ビュゼフ将軍は言葉を慎重に選んでいる様子で答える。
「我が国の古い兵法書には『兵士は敵兵を見よ、士官は敵軍を見よ、将帥は敵国を見よ』と書かれております」
そう前置きした上で、彼はこう続けた。
「しかしクロツハルト卿が見ていたのはそれよりもっと上の階梯、おそらくは関係諸国全てでした」
「まるで宰相ですね。ただの紋章官や家庭教師ではなさそうです」
ディオーネはそう答え、しみじみと述べる。
「扱う事象が大きくなるにつれ、不確定要素は増えます。ひとつひとつの要素を検討していれば時間が足りません。正確に読み解くのは、人間にできることではありませんよ?」
「仰せの通りです。彼の読みも采配も正確過ぎました。我が軍の情報が全て漏れていたとしても、できることではありません。それにロイツェンが水面下で動き始めた時期が早すぎます」
グライフ軍の次の作戦がわかったとしても、その作戦によってパルネア人がどう反応するか、それにグライフ軍がどう対応するか。考えるべきことは無数に枝分かれし、あっという間に人間の思考力では追いつかなくなってしまう。長期的な予測を立てるのは極めて難しい。
だがディオーネは少し考え、納得したようにうなずいた。
「だとすれば、『こうなることが最初からわかっていた』という可能性はどうでしょうか。経験を積んだり歴史を学ぶことで、人は未来を予測できるようになります。あなたのように」
「恐縮です。しかし彼はまだ若く、軍務経験もありません。ありえるとすれば歴史の方でしょうか。彼は公女の家庭教師です」
「そうでしょうね」
女帝は報告書を手に取る。
「ただ不思議なのは、我が帝国が他国を征服したことは、過去に一度もないということです。おそらく他の国でもないでしょう」
グライフ連合王国が内紛を経てグライフ帝国になったときも、ジャーム教圏内でのトップ争いに過ぎなかった。征服した訳ではない。
パルネア帝国は分裂しただけだし、この世界に「異教徒による他国征服」という事実は存在していなかった。
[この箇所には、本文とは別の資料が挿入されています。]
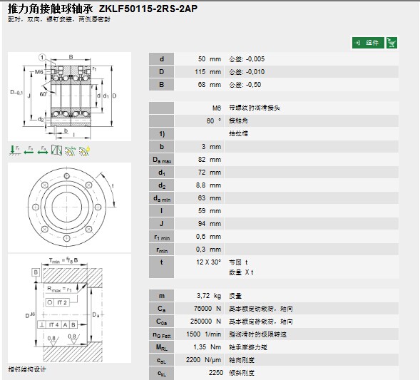 | 軸承型號: | ZKLF50115-2RS-2AP | |

さすがに「クロツハルト卿は異世界からやってきた人間である」などとは想像もできず、ディオーネは沈黙する。
するとビュゼフ将軍が思い詰めた様子で口を開いた。
「陛下。クロツハルト卿は危険です」
「私もそう思います」
「であれば、ここで彼を亡き者にするのが帝国にとって最善の選択ではないでしょうか」
ディオーネは驚いた表情をする。
「あなたの口からそのような言葉が出るとは、思ってもみませんでした。本気で言っているのですか?」
「私個人としては、クロツハルト卿には好感を抱いております。私が彼の立場ならロイツェン軍でグライフ軍に総攻撃をかけ、完全に叩き潰していたでしょう。ですが彼がそれをしなかったおかげで、私はまだ生きております」
ビュゼフ将軍は辛そうな表情をしながら、言葉を続ける。
「ですが彼をこのままロイツェンに帰せば、いずれロイツェンは大陸に覇を唱える大国に成長する可能性があります。我が国が全く警戒していなかったマリシェ公女を、クロツハルト卿はたった一年で恐ろしいやり手に育て上げました。彼の手腕は本物です」
「ビュゼフ将軍。外交官を謀殺すれば、ロイツェンとは決定的な敵対関係になります。そのことは理解していますね?」
ディオーネの問いにも、ビュゼフ将軍の決意は揺らぐことがなかった。
「承知しております。ですが、今なら総力戦に持ち込めば勝てます。我が南征軍は健在。パルネアは壊滅し、ロイツェンには援軍を求める相手がおりません」
「ただ、苦戦は必至です。そのことは攻略目標の選定時にあなたが言ったのですよ?」
「はい。それでもロイツェンに勝てるとしたら、今この瞬間しかございません」
きっぱりと言い切るビュゼフ将軍は、ぐっと拳を握りしめた。
「一年でこれだけの変化を起こせる者が、若き公女の隣にいるのです。公女が大公を継いだ後、数十年に亘ってロイツェンが発展していけば、もはやグライフ帝国に勝ち目はありますまい」
ディオーネは静かに溜息をつく。
「あなたがどんな思いでその提案をしたのかはわかりませんが、今あなたがとても辛い気持ちなのは見ればわかります。帝国の為を思い、心を鬼にしているのですね」
「……はい。このような卑劣な提案をせねばならないことを、軍人として恥じております」
女帝はもう一度溜息をついた。
「わかりました。あなたの言葉、胸に刻んでおきます。ただし軽率に判断できることではありません。少し時間を下さい」
ディオーネがそう言うと、ビュゼフ将軍は無言で頭を下げた。